Californian guitarist Blake Mills spent his early twenties as a go-to performer for artists such as Lucinda Williams and Julian Casablanca. His unique approach to the guitar won him considerable acclaim, with Eric Clapton praising Blake as ‘the last guitarist I heard that I thought was phenomenal.’ Upon the release of his second solo album – ‘Heigh Ho’ – with Verve Records, we caught up with Blake as he ended the first leg of his tour.

Blake credits the caliber of jazz singers like Nina Simone with influencing his unorthodox approach to music. Speaking about Ms Simone, Blake explains that ‘her music takes you on an emotional journey, being exposed to that really opened up my ears. Despite having serious musical talent, Blake remains critical of the bandying about of the ‘best guitarist in the world’ epithet – ‘the instrument is approached so often like something academic and merit based’, he says, ‘people approach it like it’s something you can win as if it was a sport’.

Blake set his recording budget from Verve Records to good use, hiring world-class musicians (Don Was, Jim Keltner, Mike Elizondo, Fiona Apple) and engineers (Tony Berg) who could create a sonically unique record. Blake explains that ‘most people when they have a record budget put that into things that they will see back, like an investment. This wasn’t investing in any of those things, this was investing into something that felt honest and sounded beautiful to me.’

Blake harbors considerable fears over sound quality in the modern era. Speaking on the subject of iTunes and the poor quality of sound derived from streaming, Blake comments that ‘if you try and create dynamics or subtlety in a record, there are so many more instances where that will be lost and pushed out and not having those tools forces your hands as a record maker or songwriter to create music that is full of sugar and stimulants – like junk food – things that in moderation are exciting, but when you gorge on them it’s a frenzy. We have a lot of obese music listeners now suffering from what I think is kind of an epidemic.’ Aside from exemplary sound quality, Blake’s album bends genres, which arises from his refusal to settle for a singular style.

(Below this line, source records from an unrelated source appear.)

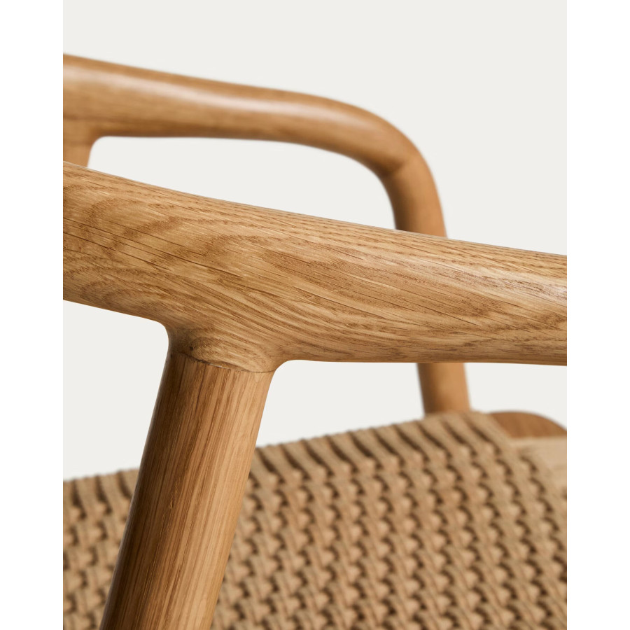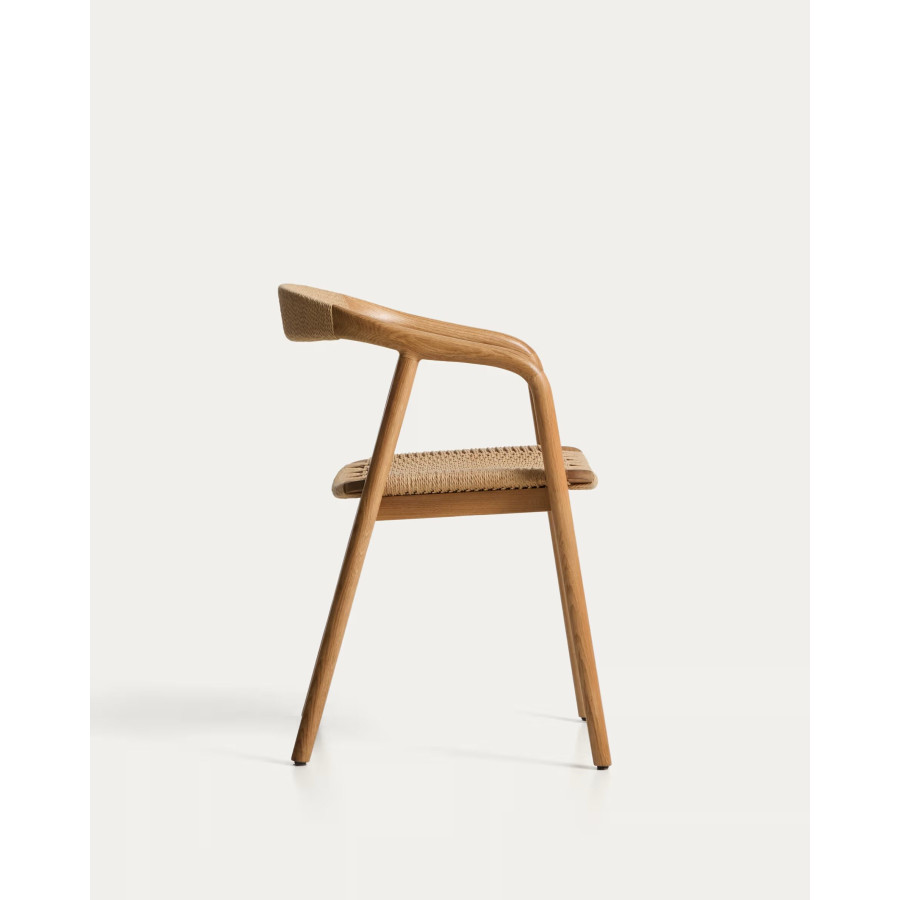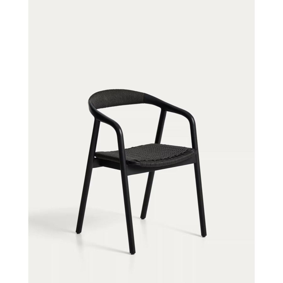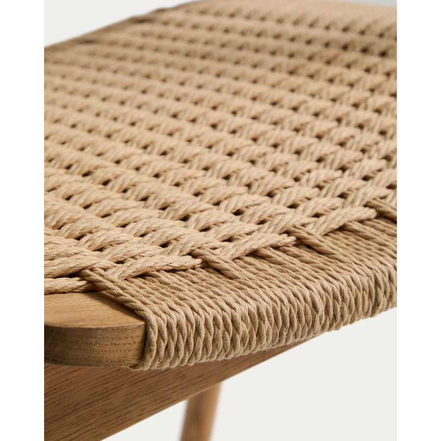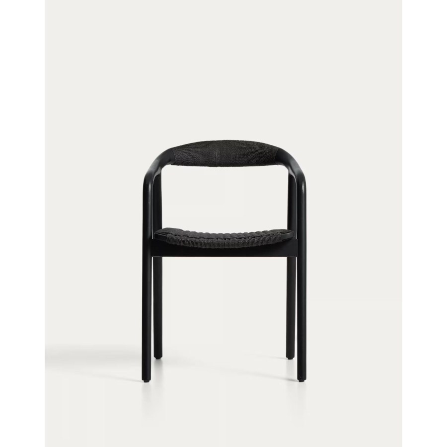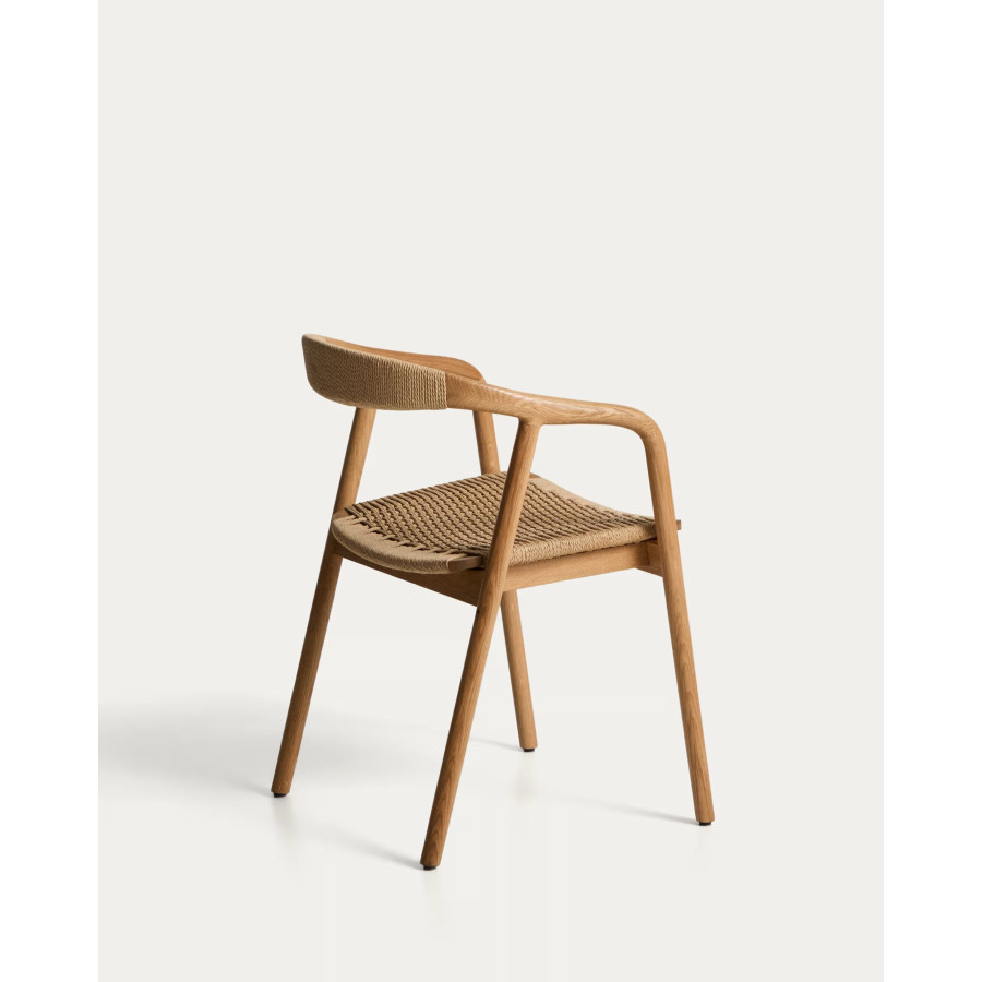 Cadeira Derile de madeira maciça de carvalho com acabamento preto e corda de papel preta FSC 100%.
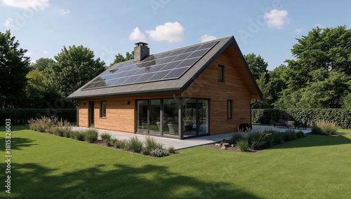 Modern residential house with a solar panel on top
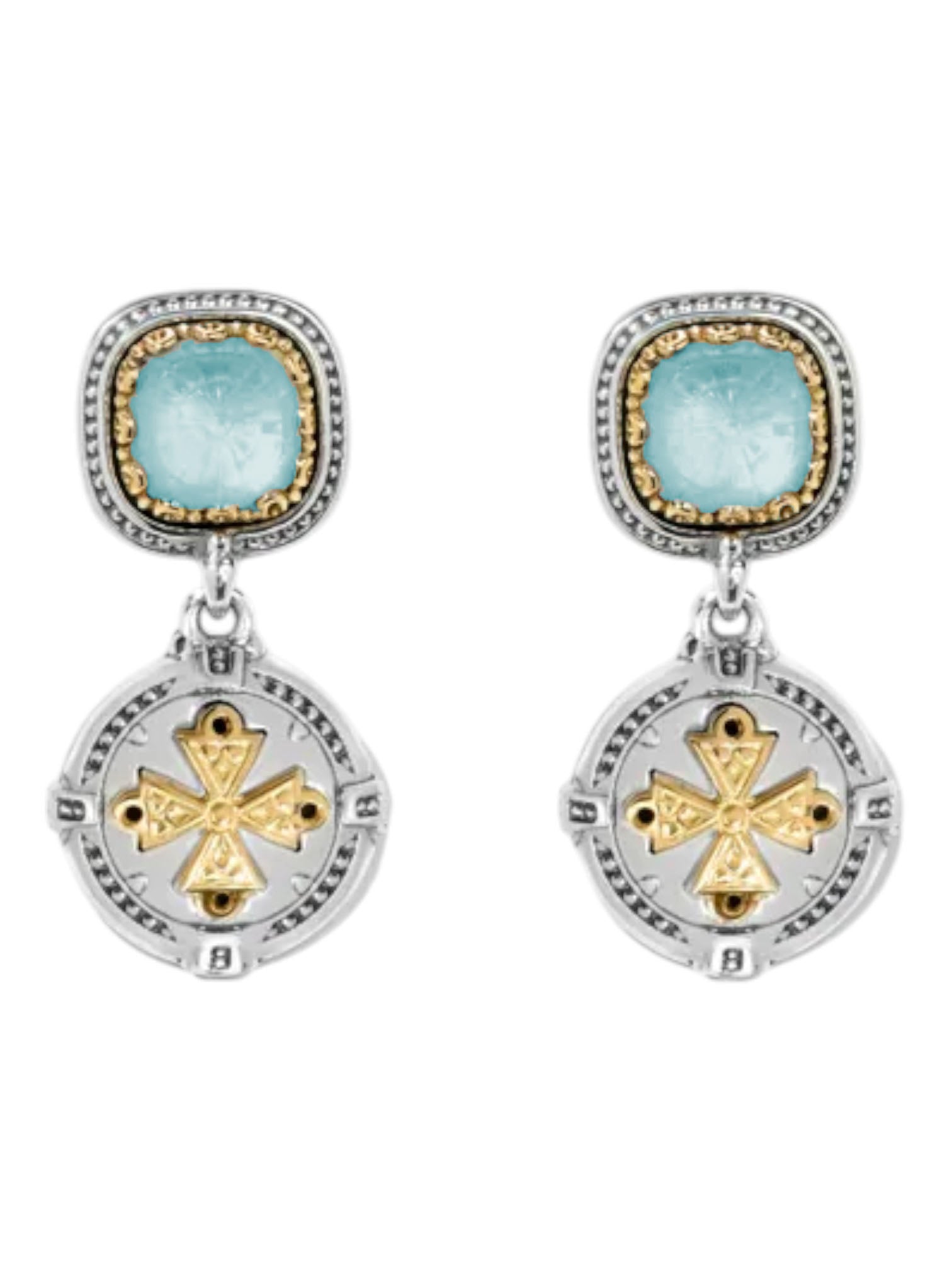 The Konstantino Dome Sterling Silver 18K Gold, Mother of Pearl & Blue Spinel Earrings are an exquisite blend of timeless design and modern elegance. Featuring intricate cross designs, these earrings reflect Konstantino's classical detailing with a contemporary twist in soft, graceful silhouettes. Crafted from sterling silver and 18K gold, these earrings are accented with Blue Spinel and Mother of Pearl doublet, adding a radiant, sophisticated touch.

Blake comments that ‘there isn’t a song on this record that exemplifies what the other songs sound like.’ This stems from his session musician background: ‘I’ve been in situations too often when I’m working with a producer on a session and I play something I think is well suited and beautiful, and they go “that’s great but can we get it to be less Hawaiian?” You think “uh yeah sure, what other genres are off the table then?”’

Blake Mills | Album Artwork | photo by Mike Piscitelli

Mills’ record title ‘Heigh Ho’ is a nod to the true definition of the term, which is often misunderstood due to its popularization via Disney’s ‘Snow White’. Blake explains that ‘it’s an exclamation or expression of weariness over something you can’t change.’ This rang true to how he feels about releasing music: ‘putting it out to the world comes with a lot of fear and anxiety, so there’s an attachment to the definition of that expression.’ In the next year you can expect to see a return to the road with a band that, for Blake, has made it ‘a magical tour.’

‘Heigh Ho’ is out now on Verve Records.